Over recent years, there has been an exponential increase in the scale, computational requirements, and capabilities of LLMs. While the scaling laws—specifically the Chinchilla scaling laws—provide a guide for optimally allocating resources, the computational focus has shifted towards inference-optimal models. These models, often smaller in size but trained on more tokens, highlight the necessity for large datasets with high quality. Despite this, open-source datasets have not kept pace with the rapid advancement in LLMs, prompting the need for larger, more robust datasets to enable competitive performance for open models.

Composition and Processing

The Zyda dataset amalgamates several respected open-source datasets such as The Pile, SlimPajama, RefinedWeb, C4, PeS2o, arxiv_s2orc_parsed, and StarCoder. Each dataset caters to different domains ranging from general LLMing and scientific writing to code. A rigorous filtering and deduplication process is performed to ensure dataset quality.

Filtering

The filtering process is executed in two primary stages—substring replacement followed by document-level filtering. Key filters include:

Removing documents with high proportions of alphanumeric characters or numbers
Filtering out objectionable content based on explicit word lists
Removing syntactically broken documents
Special handling of StarCoder due to its code-specific content

Through these filters, documents with gibberish content, excessive numerical data, spam, and low-quality text are effectively removed.

Deduplication

Deduplication employed LSH-based MinHash signatures to identify and remove duplicate documents both within and across datasets. Two Jaccard similarity thresholds (40% and 80%) were used to optimize deduplication rates. This step involved significant manual inspection to minimize false positives and ensure high precision in removing duplicate content.

Performance Evaluation

The performance of Zyda was evaluated by training multiple transformer models, comparing them against established datasets and benchmarks such as the Pythia models. Key findings include:

Zyda-trained models significantly outperform those trained on The Pile, especially in reasoning evaluations
Performance advantages appear to increase with model scale
Removal of the StarCoder subset from Zyda further enhances performance on non-code LLMing tasks

Empirical validation demonstrated Zyda's competitive edge over datasets like Dolma and individual subsets such as RefinedWeb and SlimPajama.

Implications

The introduction of Zyda has notable implications for the field:

It provides an expansive, high-quality resource for pretraining LLMs, making it possible for open-source efforts to remain competitive with proprietary models
The substantial improvements observed with meticulous filtering and deduplication practices underscore the importance of dataset quality over sheer volume
Zyda’s availability can catalyze further research on dataset processing techniques, encouraging standardization and facilitating fairer comparisons between varying architectures and training methods

Future Developments

While Zyda represents a significant step forward, future research could potentially expand its token count and enhance filtering methods.
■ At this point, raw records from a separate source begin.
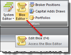 To get started, click the Blox Editor in the Editor Group menu button at the top of the main screen. When you click on the , and then use your mouse to click on the Blox item on the drop down menu to select. You can optionally use the F4 key on your keyboard, but some laptops require the Function-Key to use the F-Keys. Either way the Trading Blox Editor will appear: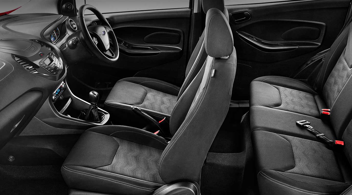 The Figo Sports’ black interiors feature red contrast stitching on the seats and on the gear knob.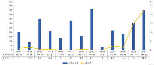 2020年前7月上海土地出讓金及溢價(jià)率走勢(shì) 數(shù)據(jù)來(lái)源:中指研究院

Utilizing advanced techniques like semantic clustering, LLM perplexity filtering, and data augmentation may further elevate dataset quality. Moreover, ongoing integration with newly released datasets like FineWeb can scale Zyda to vast and unprecedented token counts, approaching those of top-tier proprietary models.

In conclusion, Zyda serves as an essential resource fostering the continuous evolution of LLMs within the open-source community. Its structured development, characterized by comprehensive filtering and deduplication, sets a benchmark in dataset quality which will undoubtedly influence future methodologies and practices in AI research.